**AIM OF THE TASK**
Below are some records. Write out the line that contains "- Be-192 Stlem" and all lines after it, exactly, but not the pictures.

++++ INPUT MATERIAL

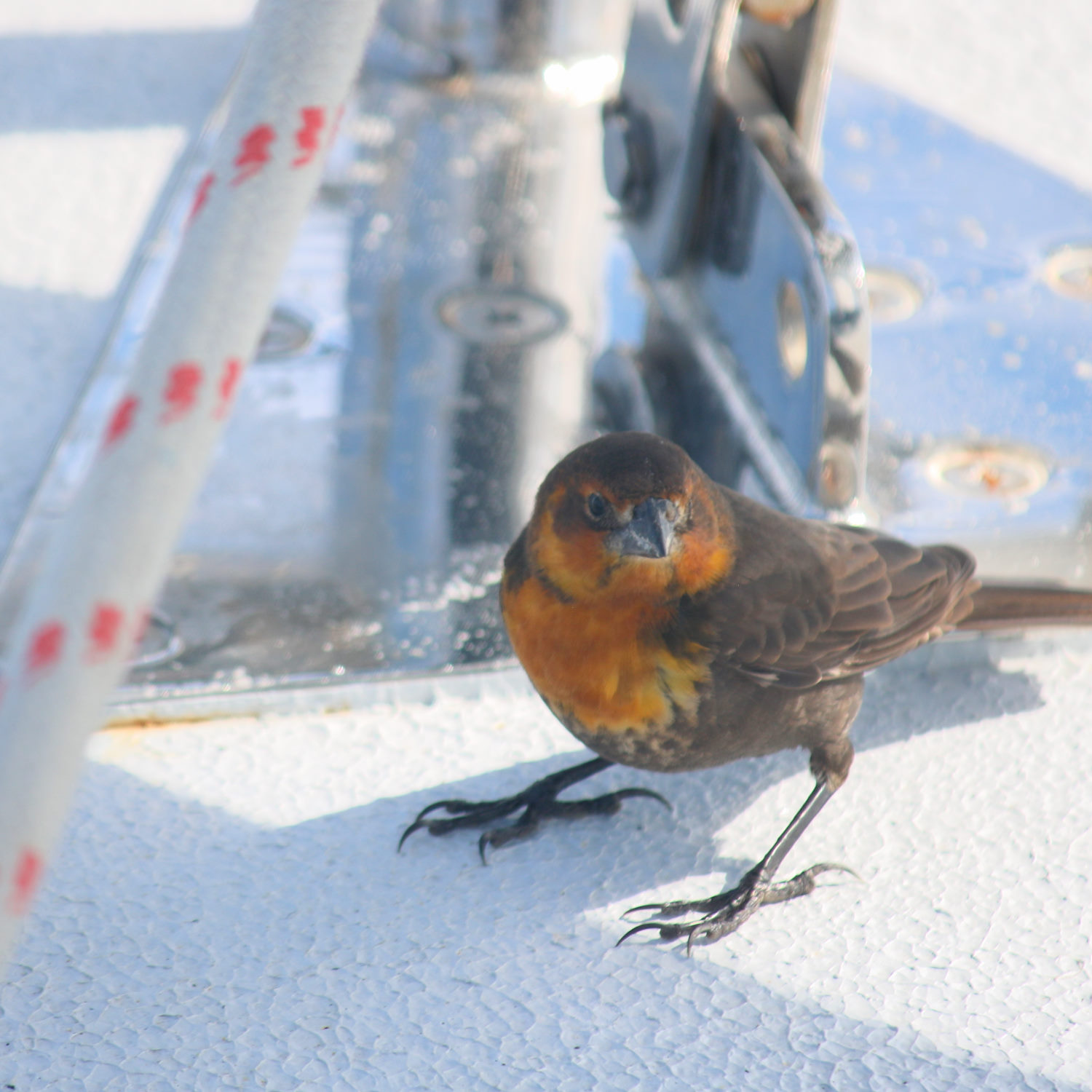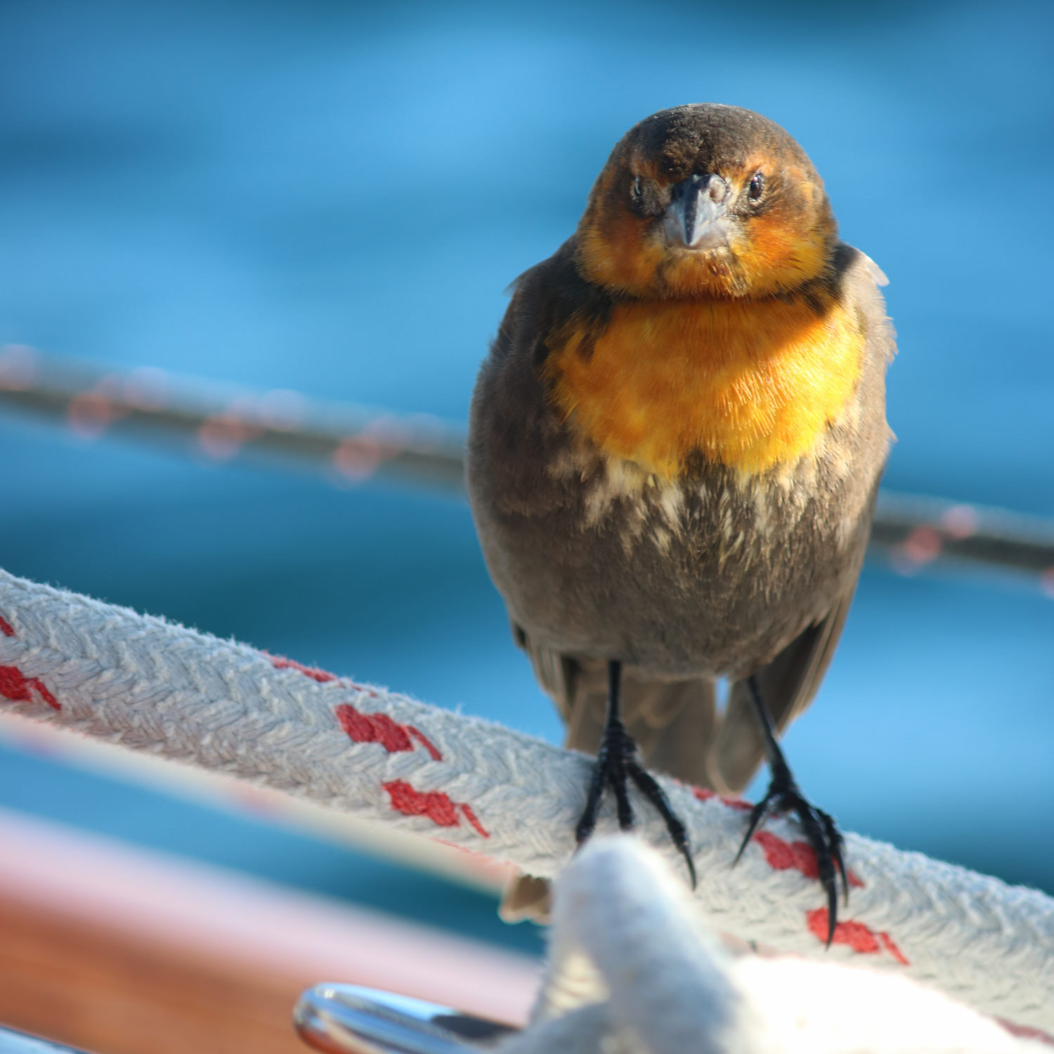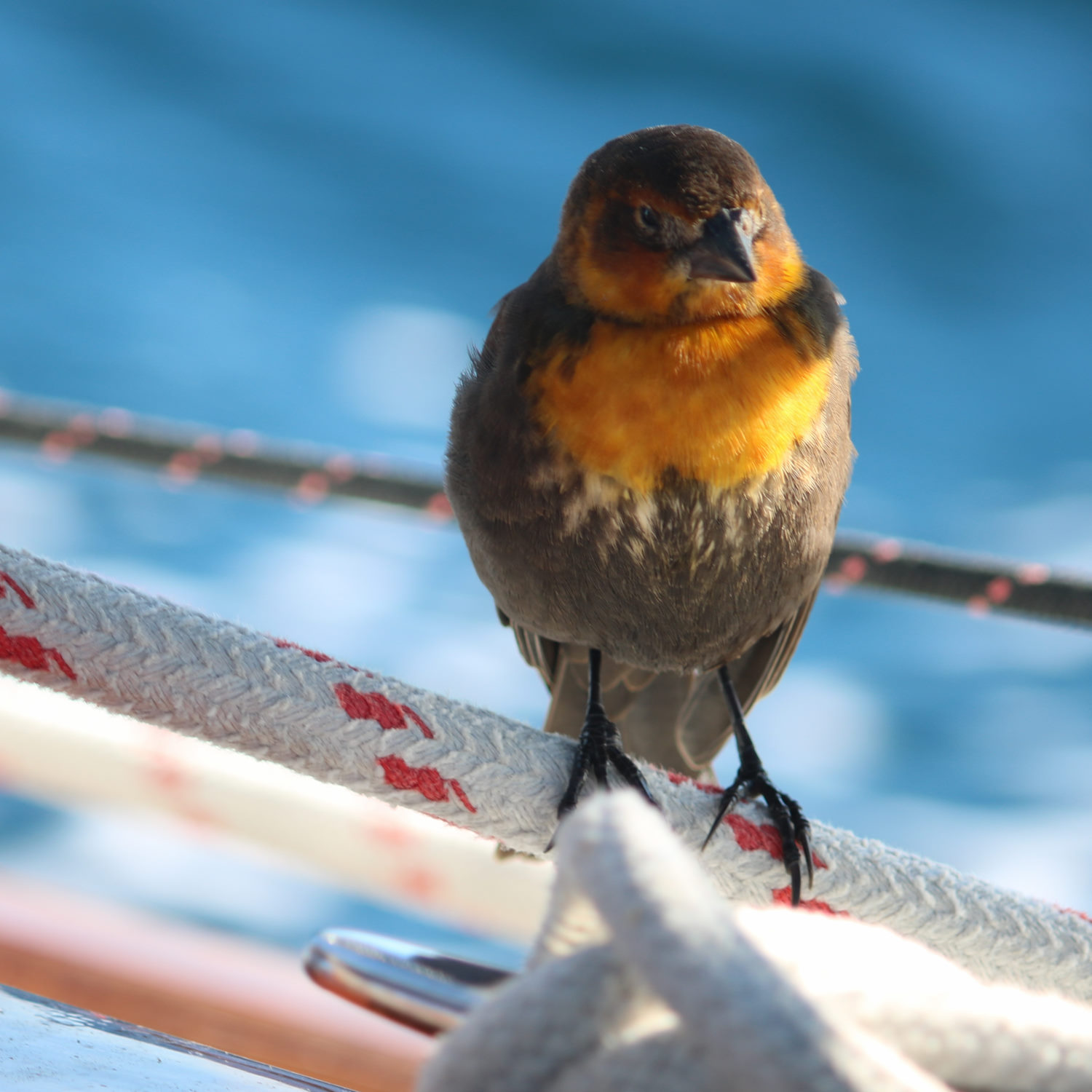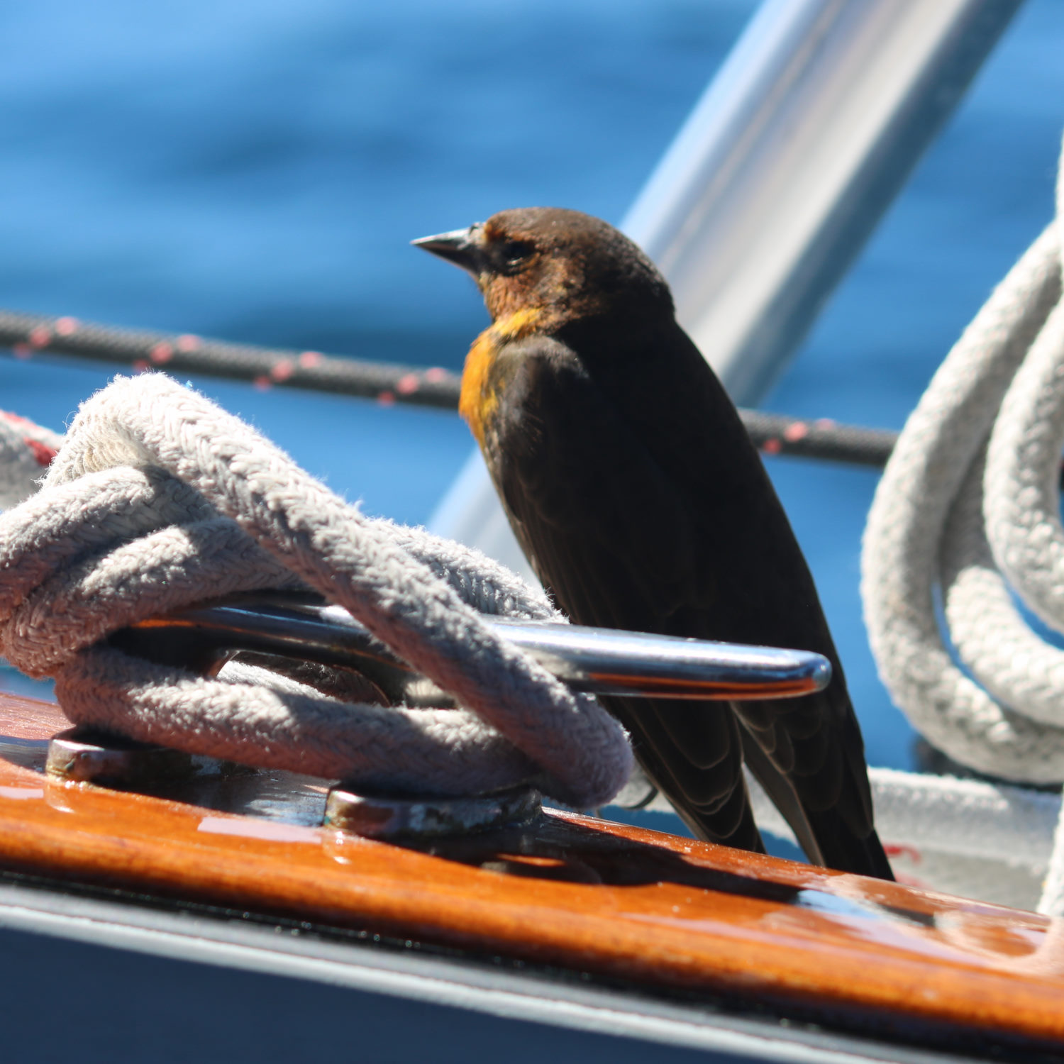 Lost for a few hours during the night, we assumed the bird was gone, but I heard Colin proclaim “Jack’s back!” as came on watch in the morning. The bird had apparently spent a few hours on top of the dodger (the evidence was clear).
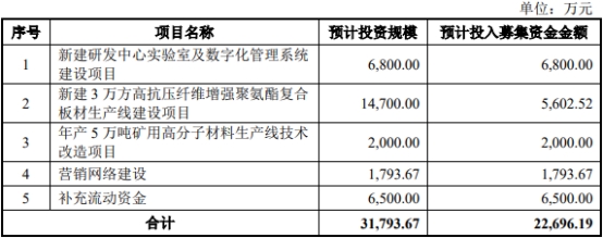 凝固力原拟在深交所创业板公开发行股票不超过1,726.1905万股,占发行后总股本的比例不低于25%。公司原拟募集资金22,696.19万元,分别用于新建研发中心实验室及数字化管理系统建设项目、新建3万方高抗压纤维增强聚氨酯复合板材生产线建设项目、年产5万吨矿用高分子材料生产线技术改造项目、营销网络建设、补充流动资金。
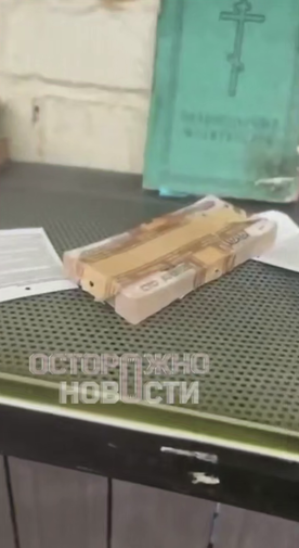 Предмет заметили на остановке на улице Гайдара. На кадрах заметно, что у пачки со сторублевыми купюрами есть небольшая прорезь для трубки. По данным Telegram-канала, на место прибыли силовики и проверяют, нет ли внутри взрывного устройства. Место оцепили.
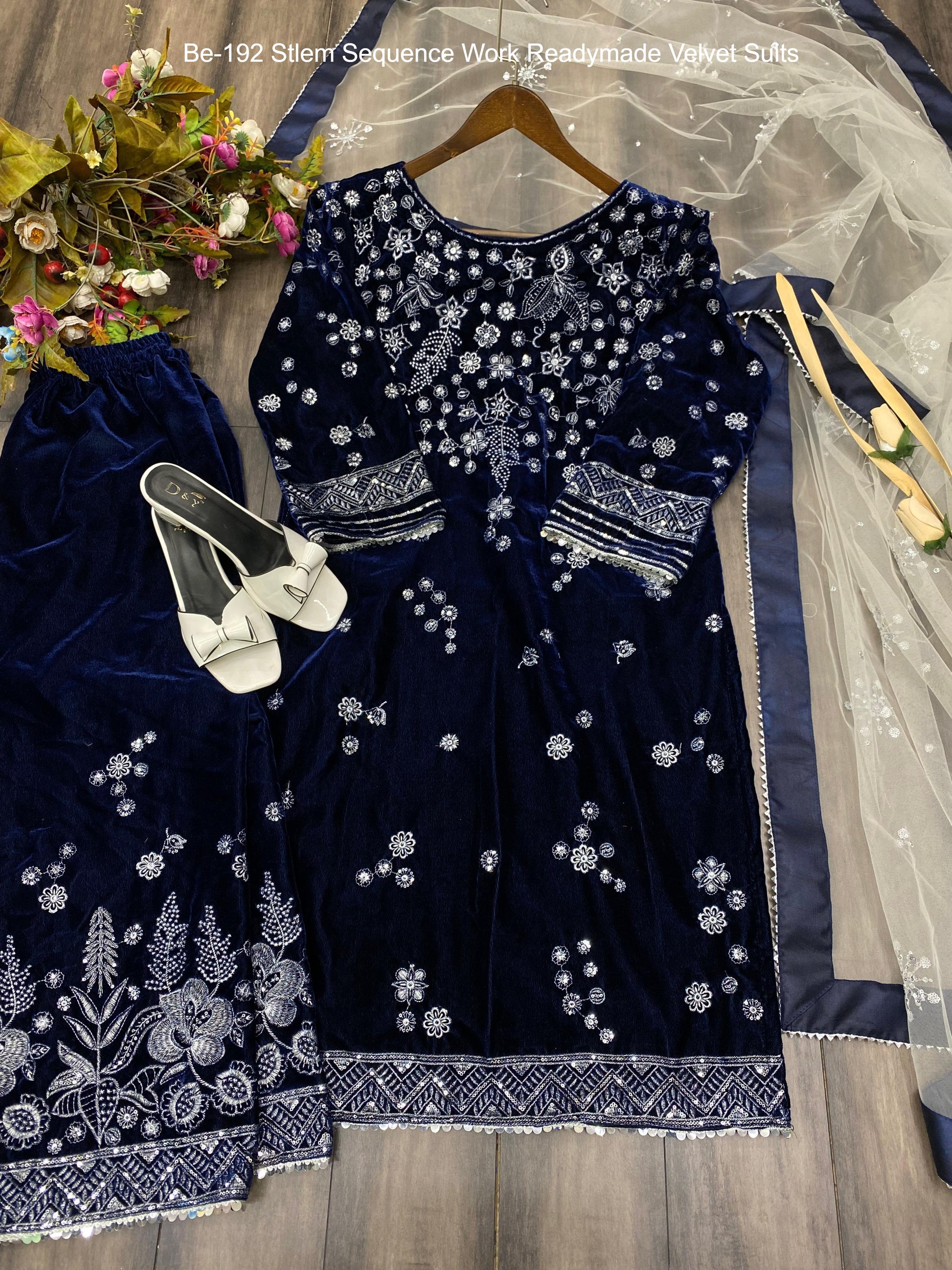 - Be-192 Stlem Sequence Work Readymade Velvet Suits Dealer Ahmedabad Surat Wholesale Gujarat India Lowest Price Best Quality Buy Purchase Shipping Kurta Salwaar Kameez Also free Cash on delivery
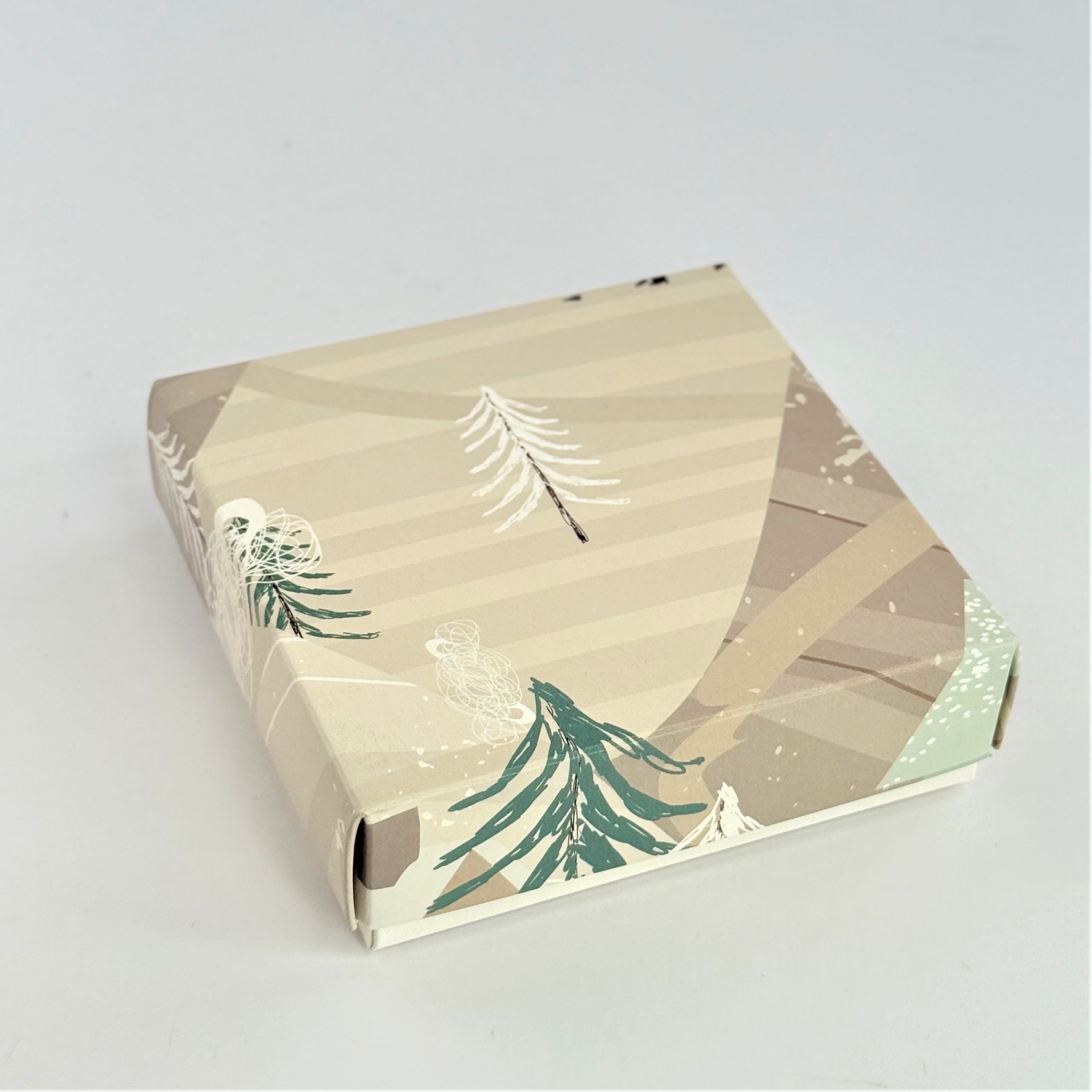 Коробка «Снежные горы» 10*10*3 см (белое дно)

++++++++

**ANSWER SECTION**
 - Be-192 Stlem Sequence Work Readymade Velvet Suits Dealer Ahmedabad Surat Wholesale Gujarat India Lowest Price Best Quality Buy Purchase Shipping Kurta Salwaar Kameez Also free Cash on delivery
 Коробка «Снежные горы» 10*10*3 см (белое дно)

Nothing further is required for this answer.